*To do*
What is needed is an exact copy of the entries below, with every picture left out.

= Beginning of Section =

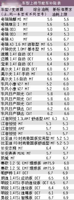 【车天下深圳讯】10月1日起,中国实行新的节能车补贴标准,入围产品的平均油耗门槛将由6.9升提升至6.3升,补贴标准仍为3000元(报价 参数 图片 论坛)/车。百公里0.6L的平均油耗变化就使得近400款“节能车”的帽子被摘掉,享受新的节能车补贴标准的仅剩下37款。
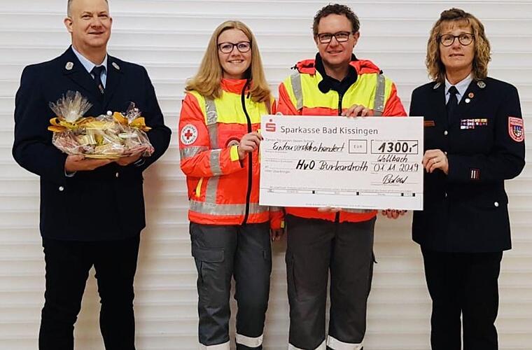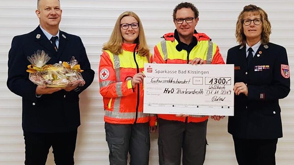 Erneut unterstützt die Freiwillige Feuerwehr Wollbach e.V. die Helfer vor Ort Gruppe Burkardroth mit einer großzügigen Geldspende. Aus dem Erlös der Kirmes in Wollbach vor einigen Wochen, welche heuer von der Feuerwehr Wollbach ausgeführt und organisiert wurde, spendeten die Organisatoren 1300 Euro an die HvO Gruppe. "Das Schöne ist, dass das Geld in der Marktgemeinde eingesetzt wird", sagte die Vorsitzende der Feuerwehr Wollbach Birgit Below. Ihre Tochter Natascha Below und André Schmitt nahmen dankend den Scheck an. Dafür bedankten sich die beiden auch beim 1. Kassier Matthias Wehner mit einem Geschenk.
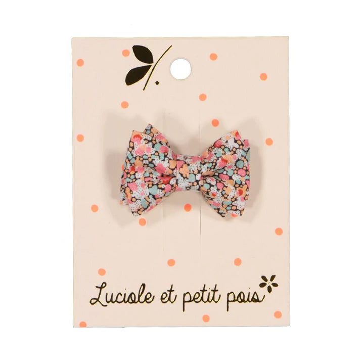 La barrette mini nœud double en Liberty Pepper Corail est parfaite pour une première coiffure à croquer !
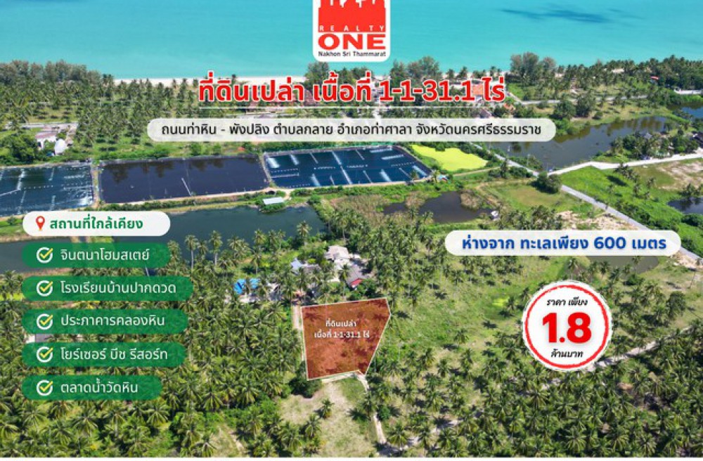 ท่าศาลา , จังหวัดนครศรีธรรมราชที่ดินเปล่า 1-1-31.1 ไร่ _ ห่างทะเลเพียง 600 เมตร
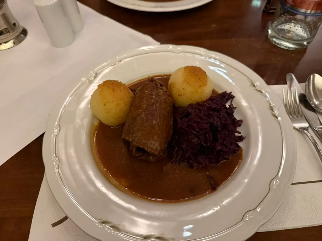 저녁 식사였던 고기는 롤라데(Roulade)라 불린다고. 얇게 썬 소고기에 베이컨, 양파, 피클 등을 넣고 둘둘 말아 육수에 끓인 음식이라 Gemini AI가 전한다. 여하간 짜서 거의 대부분을 남겼다.
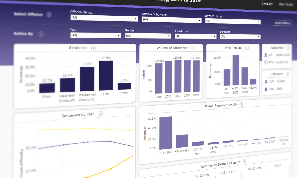 The first of these tools to be developed focused on the visualising of data pertaining to Criminal Court Sentencing Data. The application presents data on court sentences imposed on offenders having proven court appearances in the NSW Local and Higher Courts.
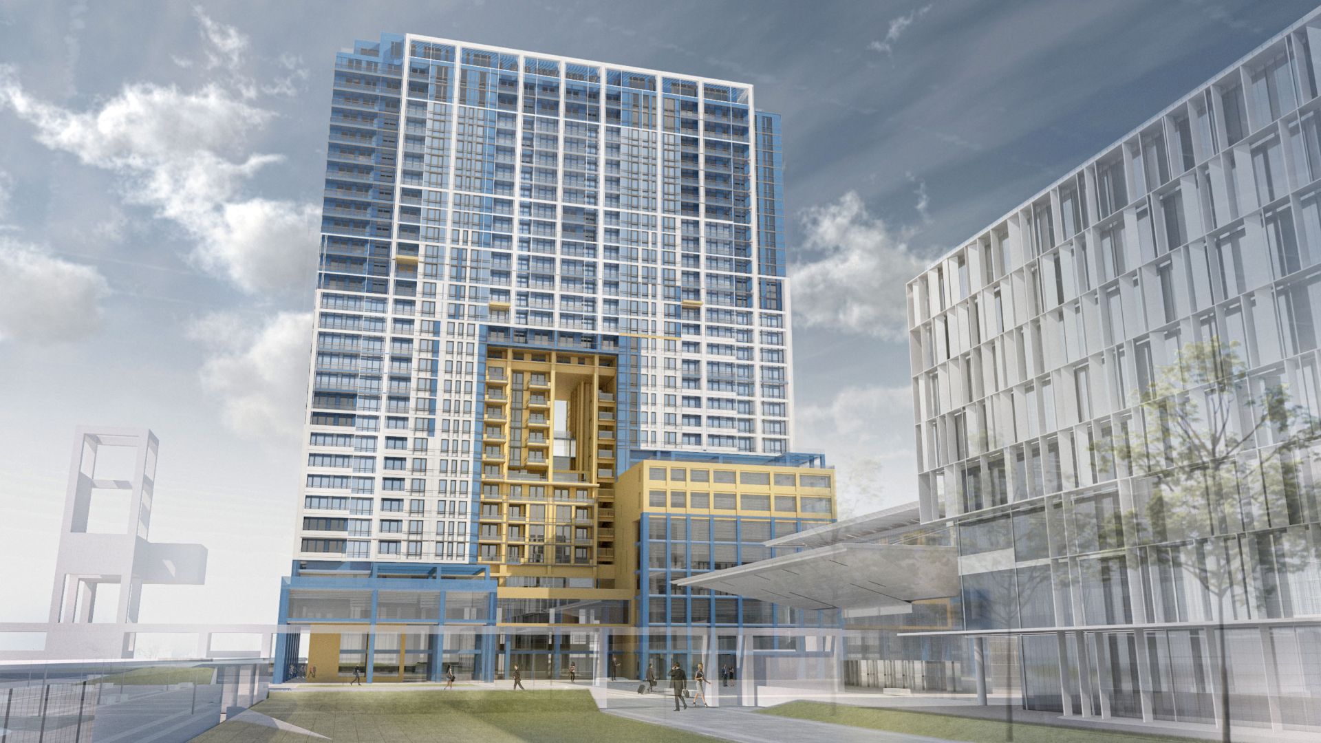 Viši bazis je u zaleđu trga, nastavlja visinsku regulaciju postojećeg objekta NCR, a zajedno su vizuelni odgovor na izražen uticaj linearnosti konstrukcije železničkog mosta u zaleđu.

= End of Section =

*Result of this exercise*
 【车天下深圳讯】10月1日起,中国实行新的节能车补贴标准,入围产品的平均油耗门槛将由6.9升提升至6.3升,补贴标准仍为3000元(报价 参数 图片 论坛)/车。百公里0.6L的平均油耗变化就使得近400款“节能车”的帽子被摘掉,享受新的节能车补贴标准的仅剩下37款。
 Erneut unterstützt die Freiwillige Feuerwehr Wollbach e.V. die Helfer vor Ort Gruppe Burkardroth mit einer großzügigen Geldspende. Aus dem Erlös der Kirmes in Wollbach vor einigen Wochen, welche heuer von der Feuerwehr Wollbach ausgeführt und organisiert wurde, spendeten die Organisatoren 1300 Euro an die HvO Gruppe. "Das Schöne ist, dass das Geld in der Marktgemeinde eingesetzt wird", sagte die Vorsitzende der Feuerwehr Wollbach Birgit Below. Ihre Tochter Natascha Below und André Schmitt nahmen dankend den Scheck an. Dafür bedankten sich die beiden auch beim 1. Kassier Matthias Wehner mit einem Geschenk.
 La barrette mini nœud double en Liberty Pepper Corail est parfaite pour une première coiffure à croquer !
 ท่าศาลา , จังหวัดนครศรีธรรมราชที่ดินเปล่า 1-1-31.1 ไร่ _ ห่างทะเลเพียง 600 เมตร
 저녁 식사였던 고기는 롤라데(Roulade)라 불린다고. 얇게 썬 소고기에 베이컨, 양파, 피클 등을 넣고 둘둘 말아 육수에 끓인 음식이라 Gemini AI가 전한다. 여하간 짜서 거의 대부분을 남겼다.
 The first of these tools to be developed focused on the visualising of data pertaining to Criminal Court Sentencing Data. The application presents data on court sentences imposed on offenders having proven court appearances in the NSW Local and Higher Courts.
 Viši bazis je u zaleđu trga, nastavlja visinsku regulaciju postojećeg objekta NCR, a zajedno su vizuelni odgovor na izražen uticaj linearnosti konstrukcije železničkog mosta u zaleđu.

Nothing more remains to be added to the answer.